1. Bir hiç kimseye, bir şeye, gösterilen devamlı ve güvenilir bağlılık: Bir dostun sadakati.
2. Bir eş, bir sevgili için diğerine gösterilen bağlılık, bilhassa de onu aldatmama.
*Elektroakust. BAĞLlLlK'ın eşanlamlısı.
*Huk. Eşlerin sadakat borcu, evlilik birliği içinde eşlerin birbirlerine sadakat gösterme yükümlülüğü. (Eşler birbirlerini aldatmamakla yükümlüdürler [Med. k. md. 151], Sadakat borcunun yerine getirilmemesi eşlere zina ya da geçimsizlik sebebiyle boşanma davası açma hakkı verir.) || İşçinin sadakat borcu, işçinin yanında çalmış olduğu işveren zararına davranışlarda bulunamaması. (Mesela işçi, işverenin işe ilişkin sırrını saklamakla yükümlüdür. İşveren, işçinin sadakat borcunu yerine getirmemesi durumunda iş sözleşmesini feshedebilir. işçinin sadakat borcunu yerine getirmemesi yüzünden işveren zarara uğramışsa, bu zararın giderilmesini de isteyebilir [iş k. md. 17].)
SADAKAT çoğl. a. (ar. şadalfS nın çoğl. sadakat). Esk. Sadakalar.
*İsi. huk. Müslümanların ellerindeki zekât ve vergiye mevzu olan mallar ve para. (Bk. ansikl. böl.)
*ANSİKL. Fıkıh larında sadakat çoğu zaman emval-i batine ve emval-i zahire diye ikiye ayrılır. Emvali batine altın, gümüş, banknot benzer biçimde gizlenebilen, görülmeyen, sahibinden başkasının hesabını kati olarak bilemeyeceği malları ihtiva eder. İslam hukukunda bu tür malların zekâtı, sahibinin ahlaksal anlayış ve mesuliyet duygusuna bırakılır. Buna karşılık bina, toprak benzer biçimde gizlenemeyen, görünür mallar (emval-i zahire) beytümal (maliye) için gelir membaı sayılır ve devlet, sahibinin isteğine bakmaksızın bu mallardan zekât, aşâr benzer biçimde vergileri eğitim eder.

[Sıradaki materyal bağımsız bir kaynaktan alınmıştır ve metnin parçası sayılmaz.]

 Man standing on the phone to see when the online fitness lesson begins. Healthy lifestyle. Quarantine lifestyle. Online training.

Kuran'da sadakatin verileceği kişiler yoksullar, düşkünler, devlet adına vergi toplayan yetkililer (amiller), gönülleri dine ısındırılacak olanlar (müellefe-i kulûb), kölelikten kurtulmak için parasal destek arayanlar, borçlular, Tanrı yolunda savaşanlar ve yolcular biçiminde sıralanır (X, 60).

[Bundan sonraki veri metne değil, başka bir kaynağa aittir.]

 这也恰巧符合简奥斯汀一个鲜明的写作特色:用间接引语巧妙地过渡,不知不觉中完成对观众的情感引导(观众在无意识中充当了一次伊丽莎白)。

1. Bir hiç kimseye, bir şeye, gösterilen devamlı ve güvenilir bağlılık: Bir dostun sadakati.
2. Bir eş, bir sevgili için diğerine gösterilen bağlılık, bilhassa de onu aldatmama.
*Elektroakust. BAĞLlLlK'ın eşanlamlısı.
*Huk. Eşlerin sadakat borcu, evlilik birliği içinde eşlerin birbirlerine sadakat gösterme yükümlülüğü. (Eşler birbirlerini aldatmamakla yükümlüdürler [Med. k. md. 151], Sadakat borcunun yerine getirilmemesi eşlere zina ya da geçimsizlik sebebiyle boşanma davası açma hakkı verir.) || İşçinin sadakat borcu, işçinin yanında çalmış olduğu işveren zararına davranışlarda bulunamaması. (Mesela işçi, işverenin işe ilişkin sırrını saklamakla yükümlüdür. İşveren, işçinin sadakat borcunu yerine getirmemesi durumunda iş sözleşmesini feshedebilir. işçinin sadakat borcunu yerine getirmemesi yüzünden işveren zarara uğramışsa, bu zararın giderilmesini de isteyebilir [iş k. md. 17].)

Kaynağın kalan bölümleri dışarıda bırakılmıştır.